Cancer was virtually UN-curable barely 50 years ago. Today, mainstream medicine CAN cure many types of cancer, put others into remission permanently or for many years, and can PREVENT many from forming with pro-active intervention (e.g. Barrett's esophagus, colon polyp removal). NONE of those are 'alternative' therapies; they are PROVEN methods that prevent cancers and prolong lives.

Even RF or microwave ablation for liver tumors is effective for many people - they DO NOT cure cancers in the liver, but they can make it a chronic condition you can live many years with, and not have the cancer spread.

MOST of the mainstream therapies for cancer today are:
1. Surgically remove it entirely from the body before it spreads - cures MANY people of local cancers.
2. Find and use chemo or other drugs that target specific cancers very well (this is why Lance Armstrong is alive today)
3. Radiate the area and kill the faster growing cancer cells more prevalently than surrounding normal cells - a 'last resort' mostly, but this has cured MILLIONS of people.
4. Hyperthermia** (an 'alternative' therapy not available in the US). Heat works in combo with radiation to make it more potent, and can trigger apoptosis of cancer cells faster than normal cells.
5. Other 'experimental' therapies, like gene therapies, viruses to attack cancers.

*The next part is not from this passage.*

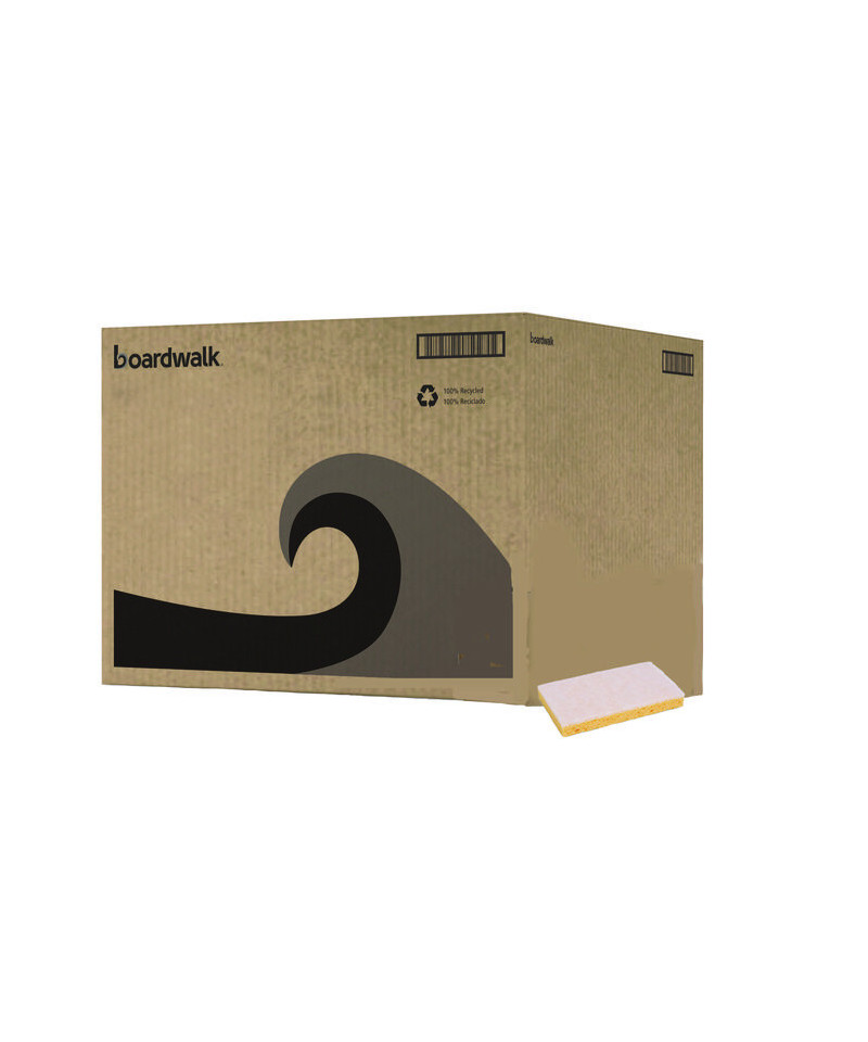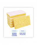 Dual-action cleaning sponge with absorbent cellulose sponge on one side and medium-duty nylon scrub pad on the other. Dual-purpose general cleaning tool for kitchens, bathrooms, offices, and industrial settings. Makes cleaning faster and easier by carrying cleaning solutions and water to the work surface. Use the softer cellulose side to soak up spills and wipe clean. The rougher, textured side works well on tougher stains and surfaces. Convenient size for scrubbing tough stains or soaking up spills. Individually wrapped.

'Cancer' is not 'one' specific disease; cancers of various organs vary widely in their responses to the above treatments. Some treatments are perfect cures for certain cancers, while others are not possible or are completely ineffective. Oncologists now KNOW what mostly works by trial and error AND using simple scientific and statistical methods to identify what HAS cured people or delayed cancer growth/spread.

'Alternative' therapies need to follow this same basic method to be accepted, and should NEVER be tried until standard therapies have failed. NO doctor is willing to use 'alternative' methods on his/her patient when there are clear and viable/proven options already established and available. There are MILLIONS of pages of research on this over the past 50-70 years. You'd be well served to look some of that up and read it....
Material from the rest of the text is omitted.